In the press release announcing the move, Tigers GM Al Avila said “[a]s we transition the ballclub in a new direction, I feel it’s best that we have a new approach and a fresh start with the manager position.” He went on to praise Ausmus for “doing an admirable job under difficult circumstances, especially this season,” a clear reference to the club’s decision at mid-season to blow things up. Justin Verlander and J.D. Martinez were traded in July and August, as were some more minor players. The club is clearly embarking on a lengthy rebuild of which Ausmus, who was brought in four years ago to lead a contending team, will not be a part.

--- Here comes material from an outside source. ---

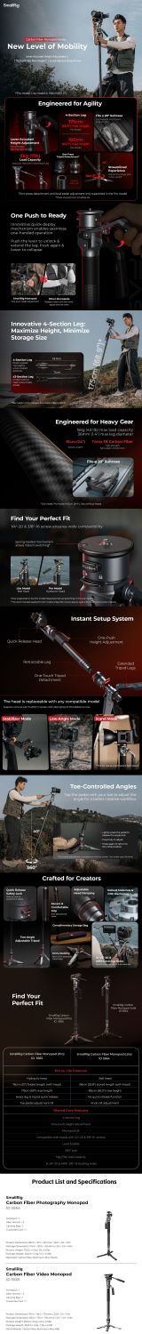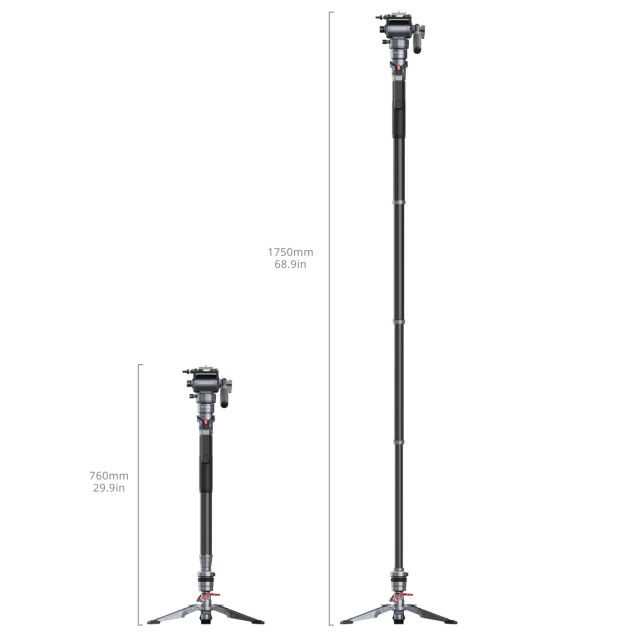 A SmallRig Carbon Fiber Video Monopod 5565 stabil támaszt nyújt a szűk helyeken vagy mozgás közben dolgozó fotósoknak. A tetején egy 1/4"-20-as csavar található a felszerelések csatlakoztatásához és bővítéséhez, míg az alján kettős 1/4"-20-as és 3/8"-16-os csavarok találhatók, amelyek széles körű kompatibilitást biztosítanak a különböző fotó- és videóberendezésekkel. Munkamagassága 1750 mm / 68,9 hüvelyk, így sokféle felvételi igényt kielégít, ugyanakkor összecsukva mindössze 76 cm / 29,9 hüvelyk, így könnyen szállítható, súlya pedig csak 2500 g / 5,51 font. Három 1/4"-20-as rögzítőfurat lehetővé teszi további kiegészítők, például mágikus karok felszerelését.

In his four seasons at the helm the Tigers are 312-325. He won 90 games and the AL Central in his first season in 2014, but the Tigers were swept out of the ALDS in three games. In the past three seasons they finished fifth, second and will either finish in fourth or fifth this year. Injuries and poor bullpens have been the biggest problem, but clearly this Tigers team was supposed to win more over the past four years.

It’s unclear what direction the Tigers will take in their managerial search, but it’s clear they’re going to go outside of the organization, as Avila said in his statement that the status of the current coaching staff will be contingent on the wishes of whatever new manager they hire.

Happy trails, Brad Ausmus. Baseball’s Most Handsome Manager is now Baseball’s Most Handsome Unemployed coach.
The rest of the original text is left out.